10/24/18 Soil Washing and Enrichment of Soil with Known Phage
10/24/18 Soil Washing and Enrichment of Soil with Known Phage
Objective:
The goal of this procedure is to test the efficacy of PCR and Gel Electrophoresis. The way I will be testing this is by creating a newly enriched lysate using soil that already tested positive for phage in the previous testing. The purpose behind this is to test if different ways of cleaning the enriched lysate will affect the results of PCR. I will do this in future labs by using a syringe filter to filter half of the enriched lysate I create, and using chloroform to clean the other half, and then running PCR and Gel Electrophoresis on each sample.
The overarching question this test seeks to address is: Is the presence of phage determined by species of oak tree from which soil was collected?
In other words, are specific oak tree species more likely to have Arthrobacter bacteria phages in the soil surrounding them?

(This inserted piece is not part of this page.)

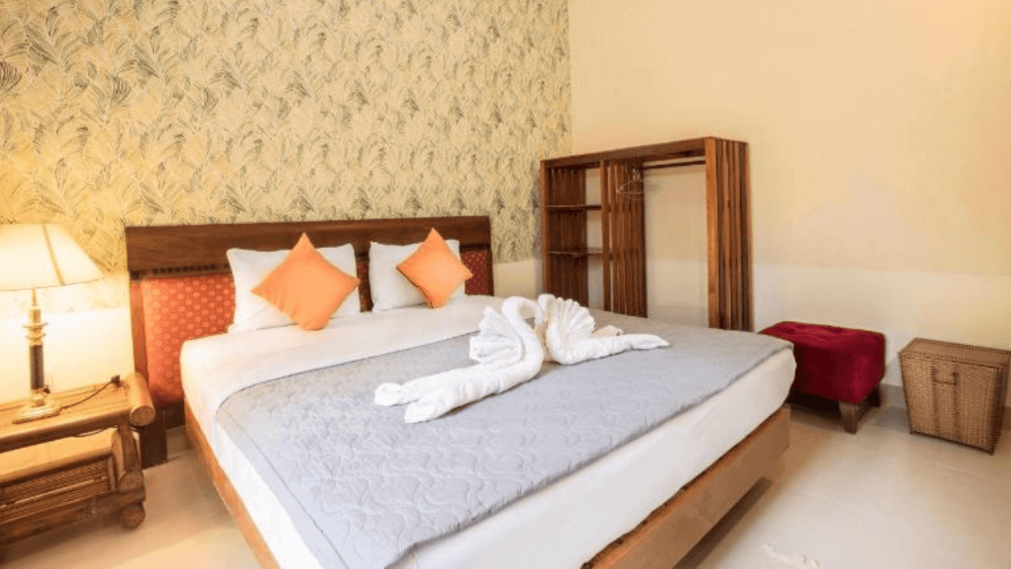 Với diện tích khoảng 30m2,phòng được thiết kế linh hoạt với 1 giường đôi cỡ lớn hoặc 2 giường đơn tùy theo lựa chọn,lý tưởng cho du khách cá nhân hoặc đôi bạn thân cùng nhau nghỉ dưỡng. Không gian phòng được trang trí với gam màu sáng,tạo cảm giác tươi mới và thoải mái,đồng thời được trang bị đầy đủ các tiện nghi cơ bản nhằm đảm bảo sự tiện lợi và trải nghiệm thư giãn trọn vẹn cho du khách.

The question specific to my lab table is: Is the difference in the presence of phage between live oaks and red oaks on Baylor’s campus?

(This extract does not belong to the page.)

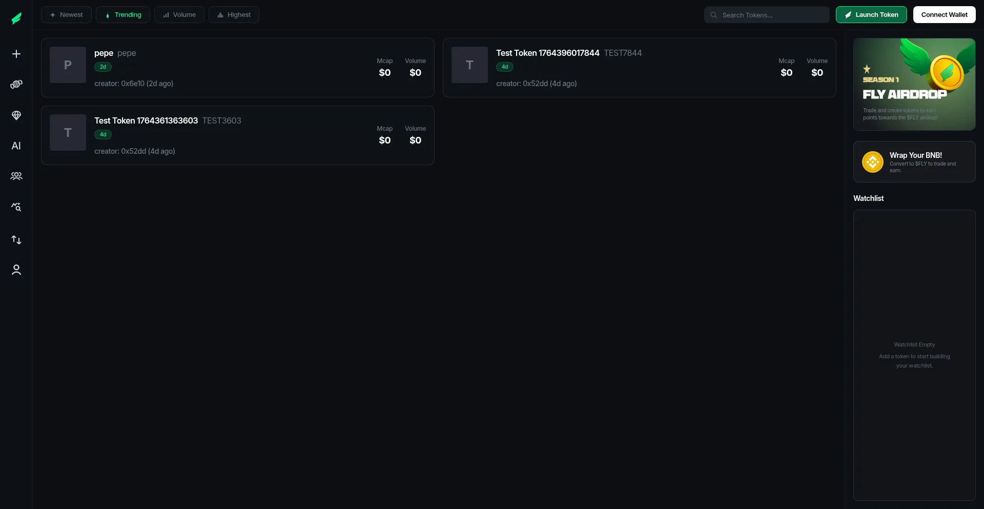 Trade and create tokens to earn points towards the $FLY airdrop!

As a group, we hope to expand our question to include more species as we gather data so that we can better address our overarching question and we will look at our metadata to examine whether or not there are other factors that may determine phage presence.
Procedures and Protocols:
Materials for an Aseptic zone:
- CiDecon
- 70% Ethanol
- Ethanol Burner
Materials For Soil Washing:
- Syringe filter
- .5 ml Arthrobacter
- 50 ml conical vial
- 15 ml conical vial
- LB Broth
- refrigerator
- Incubator
- Centrifuge
- Pipette
- Test tube stand
In order to complete the procedure, an aseptic zone was created.

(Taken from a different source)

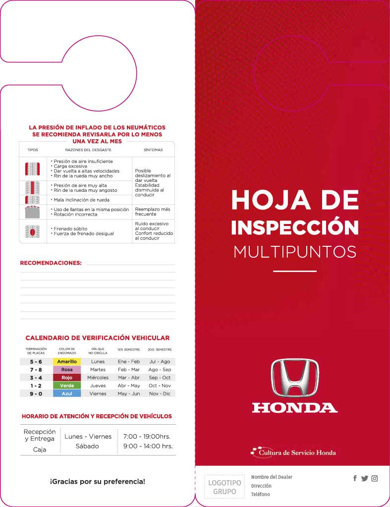 La hoja multipuntos te da una referencia del estado de tu Honda, es llenado por técnicos certificados y entregado después de tu servicio como recordatorio de los puntos de atención para tu próxima visita, tu Asesor de Servicio te brindara una explicación detallada de la hoja.

- CiDecon was applied to the lab table
- 70% Ethanol was also applied
The soil was washed and enriched according to the following procedure:
- Gather previously positive soil
- ~2.5 ml of soil was added into a 15 ml conical vial
- 11 ml of LB broth was added
- The vial was vortexed for 15 minutes
- The vial was then centrifuged for 10 minutes
- ~ 1.5 ml were pipetted into a fresh 15 ml vial for a direct lysate and placed in the fridge
- ~9 ml of lysate were pipetted into a fresh 15 ml vial
- .5 ml of Arthrobacter was added to the 15 ml conical and put in the incubator
Results:
The results of this procedure will not be immediately clear because I am not testing for phage presence. After I do the two different procedures to clean the enriched lysate and then run PCR and Gel Electrophoresis I will report on my results. Aside from that, I can say that this appeared to go well and an enriched lysate was created.
Analysis:
PCR works by using polymerases to make many copies of specific strands of DNA so that it is easier to analyze. Using PCR allows researchers to take small samples and amplify the genetic contents in order to conserve resources and determine what is present before future testing commences. In this lab, using PCR allows people to determine whether or not there is phage DNA in an enriched lysate. Gel Electrophoresis works by using electricity to separate different strands/fragments of DNA in order to analyze the patterns that ensue. When electricity is applied, DNA moves toward the oppositely charged end of the gel tray and brings the DNA dye with it. The question of my next few procedures seek to address is whether or not these procedures accurately indicate DNA presence and if they can be affected by different prep methods.
Future:
For my next three lab procedures I will be utilizing two different cleaning methods on my enriched lysate, then running PCR, and then doing Gel Electrophoresis.